Tornado Cash Sanctions Lifted but Mixer Risk Remains
The US Treasury announced on March 21, 2025, that it had removed its sanctions on Tornado Cash, closing the sanctioned period that began August 8, 2022.
- Tornado Cash has mixed over $7.6 billion worth of Ether since its August 2019 launch.
- Almost 30% of funds sent through Tornado Cash have been tied to illicit actors.
- Inflows to Tornado Cash more than doubled year over year in 2024, with the mixer still processing about $100 million each month.
- Tornado Cash processed over $2 billion during its sanctioned period from August 8, 2022 to March 21, 2025.
- In 2024, nearly a quarter of Tornado Cash inflows were stolen funds, including $145 million in Ether from the Heco Chain hack attributed to North Korean actors.
The court-driven sanctions removal does not change the underlying mixer risk profile. A wallet that touches Tornado Cash after March 21, 2025 is no longer reaching a sanctioned address, but the rest of the AML risk indicators, counterparty exposure, source-of-funds opacity, and downstream commingling are unchanged.
What Has and What Has Not Changed for Crypto AML
Compliance attention for crypto exchanges and broader RegTech tooling should track three shifts on the data side and one stubborn supervisory gap.
Three shifts on the data side, plus one stubborn supervisory gap, define the year-over-year change:
- Stablecoins comprised 84% of verified fraud inflows and made up 86% of all illicit crypto flows in 2025.
- Sanctioned-entity inflows rose 694% year over year, primarily driving the broader illicit increase.
- The US Department of Justice imposed a $504 million penalty on OKX on February 24, 2025, for systemic anti-money laundering failures.
- About 59% of jurisdictions with Travel Rule laws still report zero supervisory actions, leaving the implementation gap intact.
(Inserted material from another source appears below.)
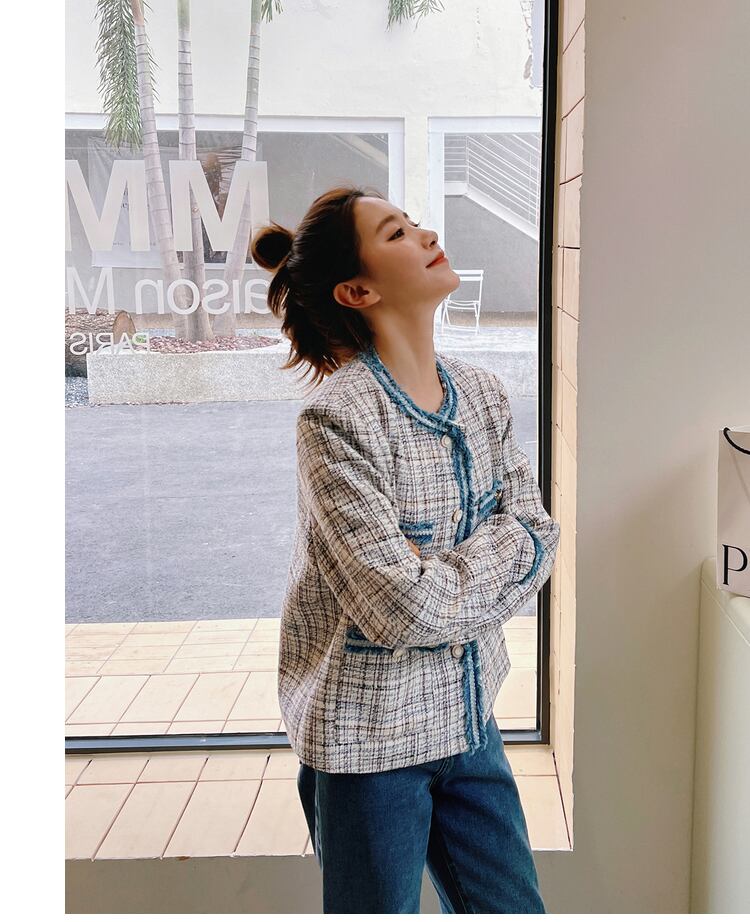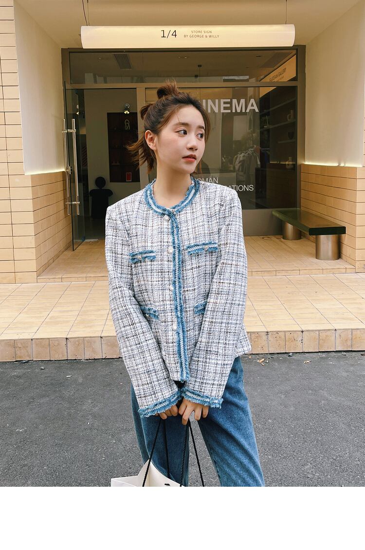 [EWQ] デニムテルツイードジャケットポケットスプライシングシングルブレストルーズジャケット O ネックコート秋冬 16U4920 オータム 秋物 ウィンター 冬物 Oネック

Key finding: At least $160 million of the Bybit funds moved through illicit channels within 48 hours of the hack. That speed sits largely outside any single regulator’s jurisdiction. Approximately 59% of jurisdictions with Travel Rule laws have yet to issue any supervisory findings, directives or enforcement actions. The gap leaves exchange-side compliance teams to carry most of the live-enforcement load.
The laundering supply chain has become more concentrated and cross-border, while supervisory cadence has stayed roughly where it was.
Conclusion
The 2025 data set is the year crypto-linked illicit volume reached at least $154 billion on the Chainalysis methodology and $158 billion on the TRM Labs methodology, with Chainalysis noting the illicit share of all attributed crypto transaction volume “remains below 1%” and TRM measuring the share at 1.2%. Sanctioned-entity inflows rose 694% year over year and drove most of the absolute increase. Stablecoins now account for roughly 84% of verified fraud inflows. The compliance implication is straightforward: the program tuned to 2022’s mix, bitcoin-first, scam-victim-tracing-first, is calibrated to a category distribution that no longer exists.
On the regulatory side, the FATF’s coverage of the Travel Rule reached 85 of 117 surveyed jurisdictions in 2025, but supervisory enforcement still lags legislative passage by a wide margin. OFAC’s crypto-specific sanctions footprint expanded to 1,245 wallets by February 2025. The next twelve months will be measured against how quickly that gap closes, how the post-Tornado Cash mixer landscape supervises itself, and whether any other exchange follows the $504 million path that OKX charted in February.